Во-первых, ориентальные темы и образы могли входить непосредственно в художественную структуру произведения для создания восточного колорита, обрисовки «восточных» персонажей. Во-вторых, писатели могли использовать структуру восточных сказок, легенд и повестей, например, излюбленную арабскими и индийскими писателями рамочную конструкцию (Дж. Чосер «Кентерберийские рассказы», 1380-е; подобным образом построены книги Дж. Боккаччо «Декамерон», 1350-1353, и Маргариты Наваррской «Гептамерон», 1558), как и восточную стилистику (пышный, витиеватый, цветистый слог). И, в-третьих, восточная тематика могла быть использована как внешняя оболочка для передачи некого актуального «западного» содержания. Одним из первых к этому обратился английский драматург, младший современник Шекспира Ф. Мэссинджер (1583-1640). Его трагедия «Верьте, если хотите» (1631), содержащая, по словам А.А. Елистратовой, «опасные суждения по части англо-испанских отношений» [55, с. 129], была запрещена и получила разрешение к постановке только после того, как автор переложил ее на «азиатские» нравы.

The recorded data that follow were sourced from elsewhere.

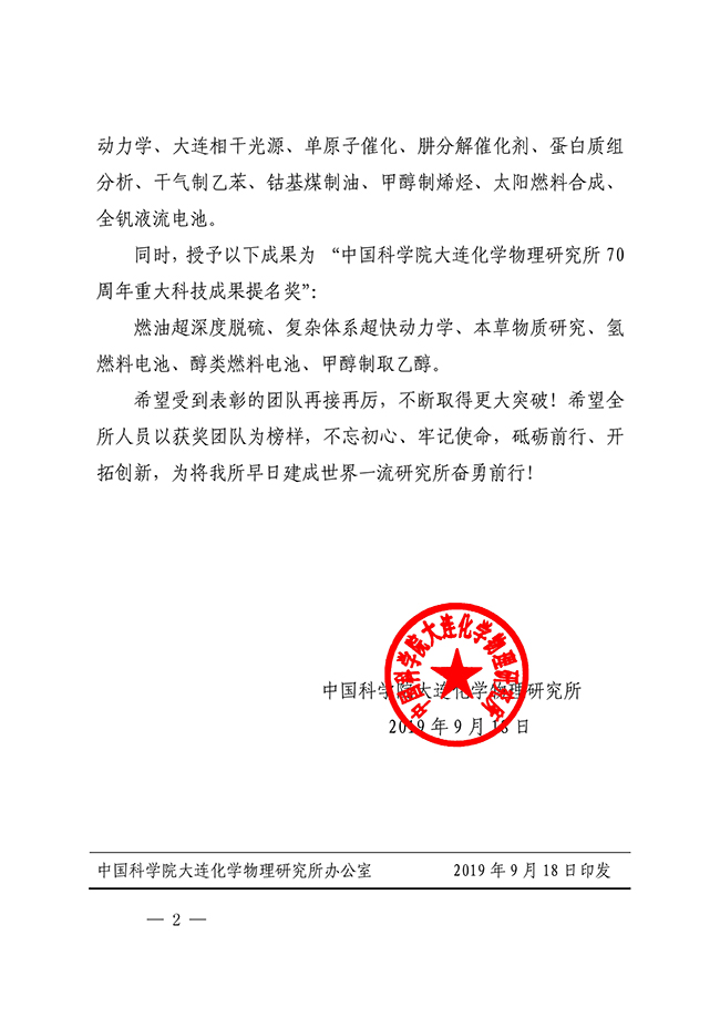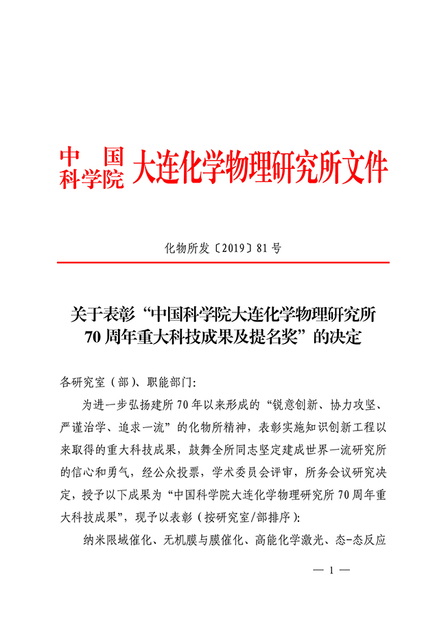 关于表彰“中国科学院大连化学物理研究所70周年重大科技成果及提名奖”的决定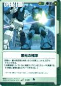 (自動A):持有綠的指定國力全部自軍機體是,得到以下的能力。 「(自軍歸還步驟): 戰鬥區中廢棄這張卡。那個場合,給與敵軍本國2點傷害。」 | ||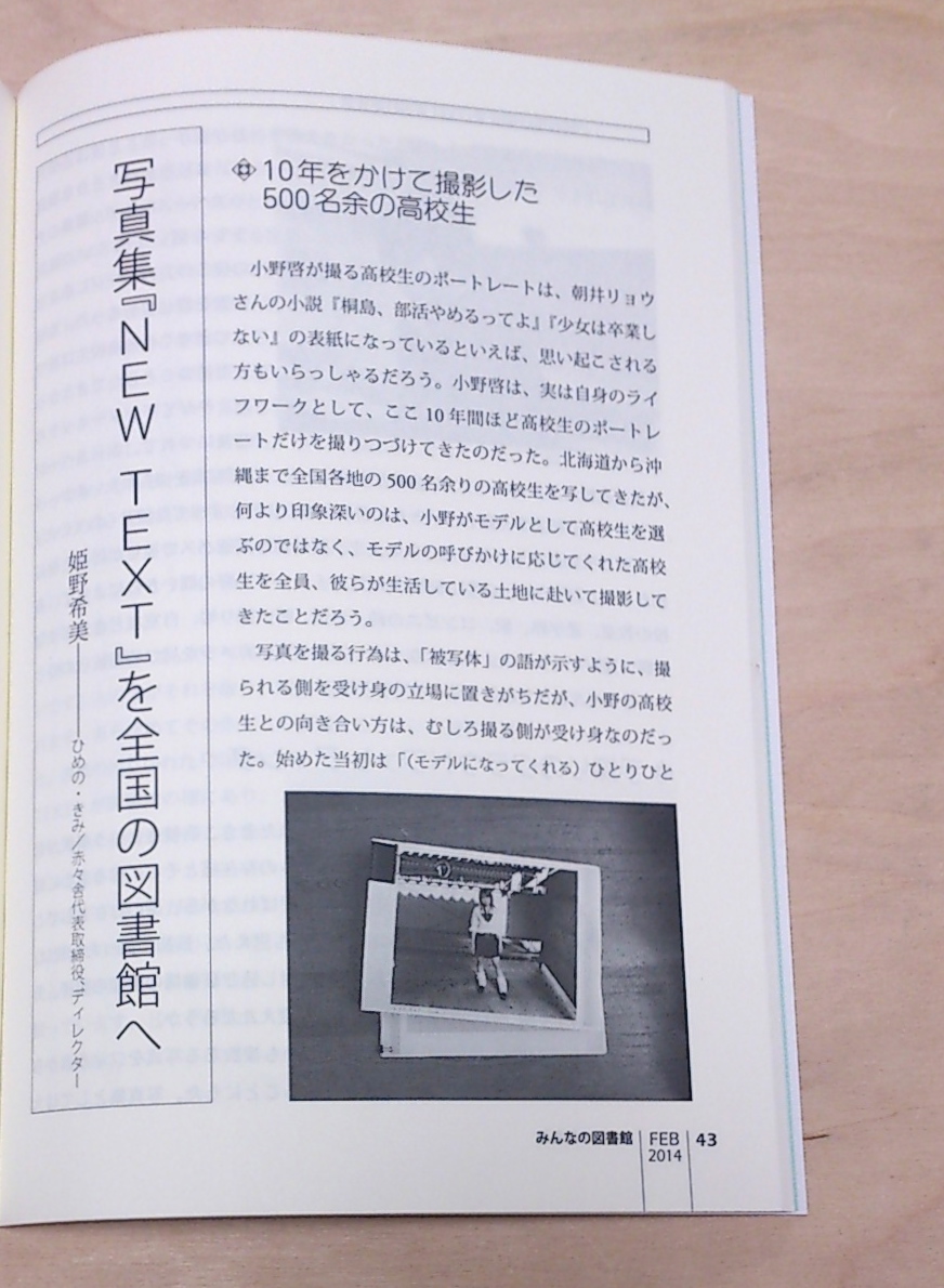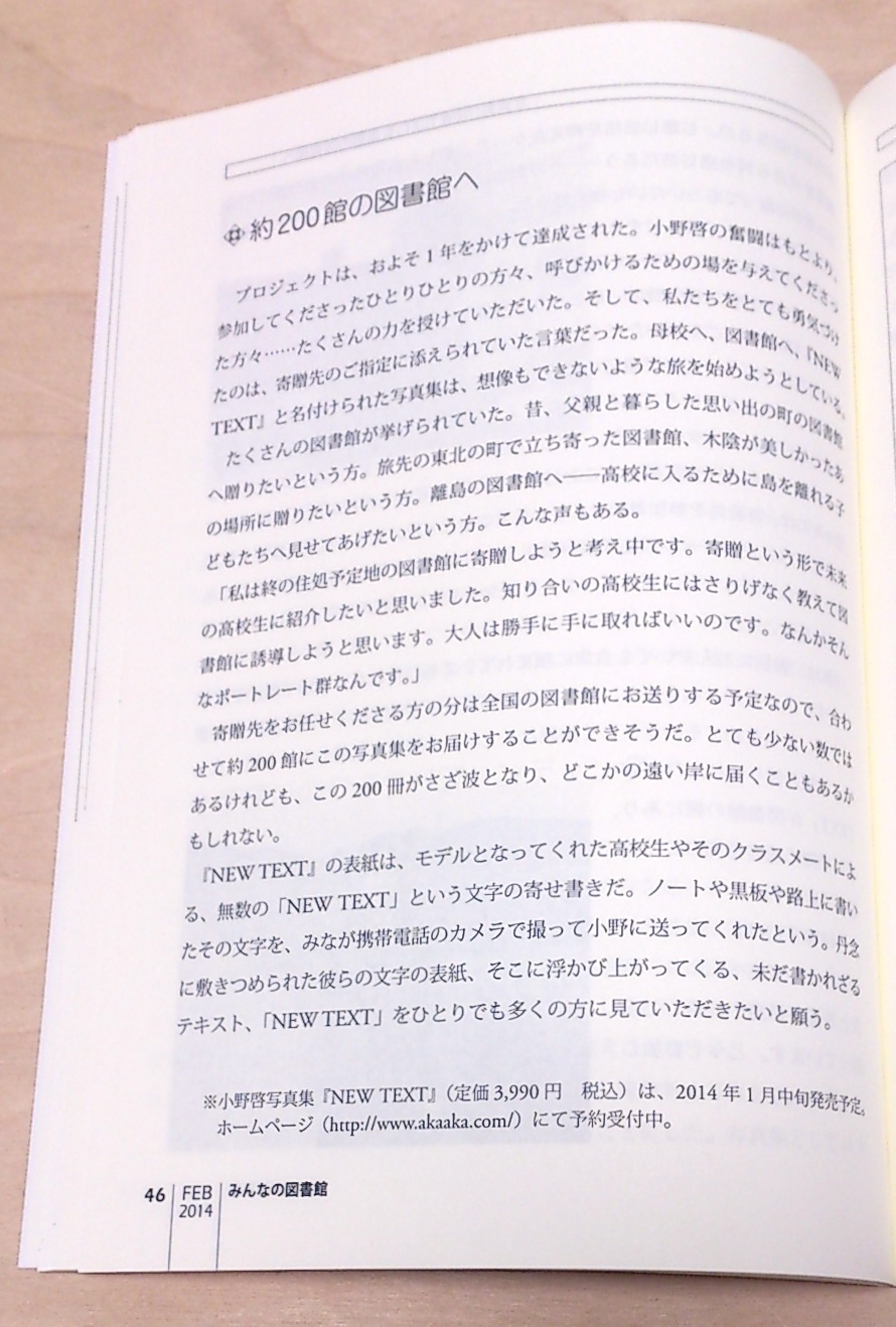プロジェクトは、およそ1年をかけて達成された。小野啓の奮闘はもとより、参加してくださったひとりひとりの方々、呼びかけるための場を与えてくださった方々......たくさんの力を授けていただいた。そして、私たちをとても勇気づけたのは、寄贈先のご指定に添えられていた言葉だった。母校へ、図書館へ、『NEW TEXT』と名付けられた写真集は、想像もできないような旅を始めようとしている。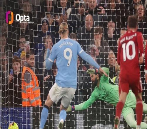 英超第25輪,曼城客場2-1逆轉(zhuǎn)擊敗利物浦,哈蘭德在92分42秒打入的點(diǎn)球是有統(tǒng)計(jì)以來英超客戰(zhàn)利物浦最晚的制勝球...
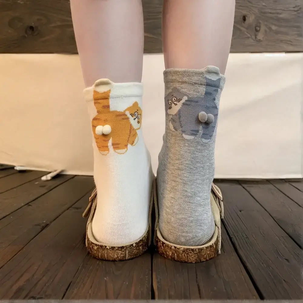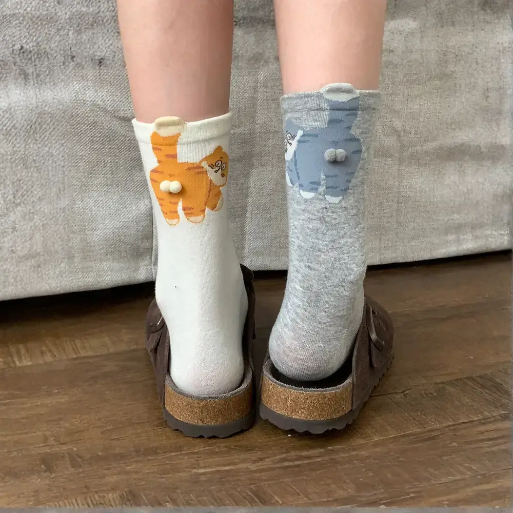 Egg Cat Cartoon Mid-Calf Cotton Socks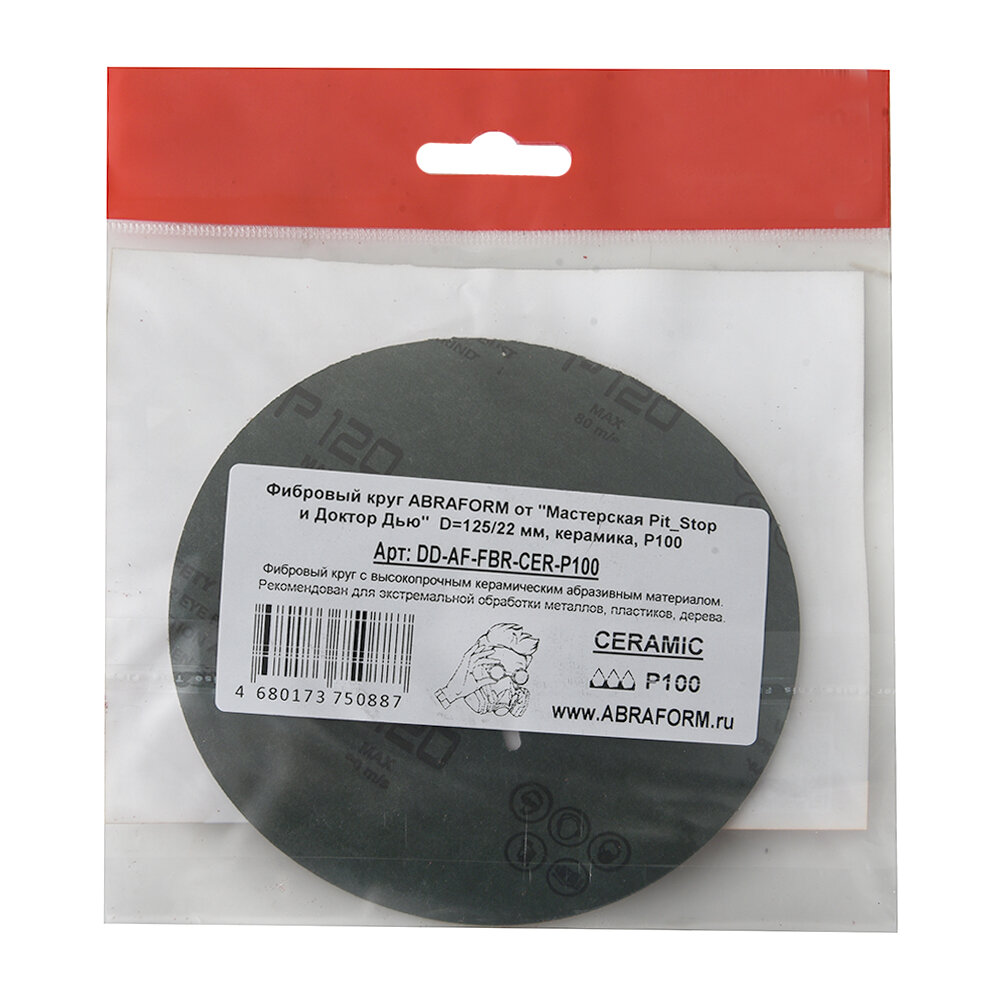 Купить Фибровый круг от "Мастерская Pit_Stop и Доктор Дью" 125х22 мм, керамика, P100 ABRAFORM DD-AF-FBR-CER-P100

Эпоха Возрождения положила начало колониализму, породившему свою апологетическую литературу. А в противовес ей один из столпов французского Ренессанса М. Монтень (1533-1592) выдвинул идею «благородного дикаря».

«С конца XVI – начала XVII в. в европейской литературе сформировалось филоориенталистское течение. Писатели рисуют благородных индийцев, сиамцев, благоразумных турок, арабов, абиссинцев, используя их воображаемый нравственный облик для гуманистической проповеди. <…> Но изображаемые в романах того времени восточные персонажи обычно были восточными лишь по внешнему обличию и одеждам. Автор вкладывал в уста героев свои мысли, чаще всего мысли передового западного человека, критикующего феодальный режим» [16, с. 298-299].

Раннее Просвещение продолжило использовать ориентальные мотивы в качестве оболочки, но наполнило ее своим содержанием. Восточные элементы придавали экзотический колорит философско-аллегорическим притчам и повестям «универсального» типа, иллюстрировали определенные философские теории и категории, служили как средство сатирической «маскировки» политических идей, расходящихся с господствующими. Такова, например, Япония в третьей части «Путешествий Лемюэля Гулливера» Дж. Свифта (1726).

Вслед за сборником «Арабские сказки» (1704-1711), представлявшим собой переложение одной четверти подлинника с добавлением других персидских и турецких новелл и сказок, появились переводы Пети де ля Круа «История персидской султанши и ее визирей. Турецкие сказки» и «Тысяча и один день. Персидские сказки». Переводились философские и литературно-художественные памятники народов Востока: поэзия Фирдоуси, Низами, Хайяма, Хафиза, «Шакунтала» Калидасы.

Уже в эпоху классицизма стали издаваться первые востоковедческие научные работы, восточные энциклопедии. Все это не могло не отразиться на литературном творчестве европейских, в том числе английских, писателей.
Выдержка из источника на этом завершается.